En esto conoced el Espíritu de Dios: Todo espíritu que confiesa que Jesucristo ha venido en carne [en sarki], es de Dios [ek tou Theou]; y todo espíritu que no confiesa que Jesucristo ha venido en carne, no es de Dios [ek tou Theou ouk; y éste es el espíritu del anticristo [to tou antichristou], del cual vosotros habéis oído que ha de venir, y que ahora ya está en el mundo. (1 Juan 4:2-3).
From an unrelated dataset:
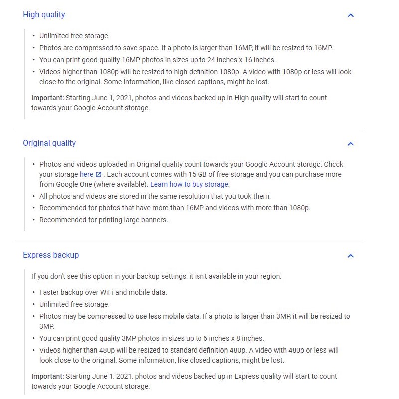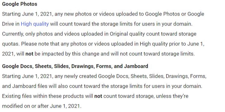 Mulai tanggal 1 Juni 2021, setiap foto atau video baru yang diupload ke Google Foto atau Google Drive dalam high quality akan terhitung kedalam kuota 15GB cloud storage gratis yang disertakan untuk setiap akun Google. Saat ini, hanya foto dan video yang diupload ke Original Quality saja yang terhitung kedalam kuota penyimpanan Google Foto atau Google Drive.

Todo se juega en la segunda persona de la Trinidad, en Cristo. La figura crística representa el vaivén de la teología y de la metafísica, la puerta de salida y de entrada al Ser. Ante la posibilidad, ciertamente amenazante, de la dehiscencia y la consecuente apertura del abismo extra-ontológico en el que subsisten las imágenes infundadas, la teología ha reaccionado suturando la herida, sellando la fractura desde su mismo centro. Por eso Cristo, para la teología, es el dispositivo que permite mantener unidas, acopladas o zurcidas, las dos naturalezas, humana y divina, sin confusión ni mezcla, pero sobre todo sin separación. No es casual que Raniero Cantalamessa asegure que “distinción sin división [distinzione senza divisione]” es la “fórmula preferida” de Tertuliano (cfr. 1962: 16). Si el Cristo de la teología dogmática es el Dios hecho hombre y, a la vez y por lo mismo, el hombre hecho Dios, el Cristo de Marción y de los docetistas es en nuestra lectura, por su condición fantasmática, el anticristo. In extremis, al Christos ontológico de la teología se le opone el Antichristos extra-ontológico que Marción y los docetae anunciaron ad absurdum. El término Antichristos designa la dehiscencia o la separación entre lo divino y lo humano.87 Ya en un autor temprano como Tertuliano, esta amenaza de separación, implícita en la idea de un Cristo-fantasma, ha exigido ser conjurada con suma urgencia. Marción, en este sentido, en los límites de su doctrina, ha representado la puerta, nunca abierta por sí misma, hacia la dimensión irreductible de las imágenes; Tertuliano, por su parte, la conciencia cabal e inflexible de que más allá de la puerta sólo restaba la eversio absoluta, el derrumbe del opus Dei. Si Marción ha sido la puerta al fantasma, Tertuliano, cifrando un gesto que se volverá paradigmático a lo largo de toda la tradición teológica, ha sido su cerradura y su candado.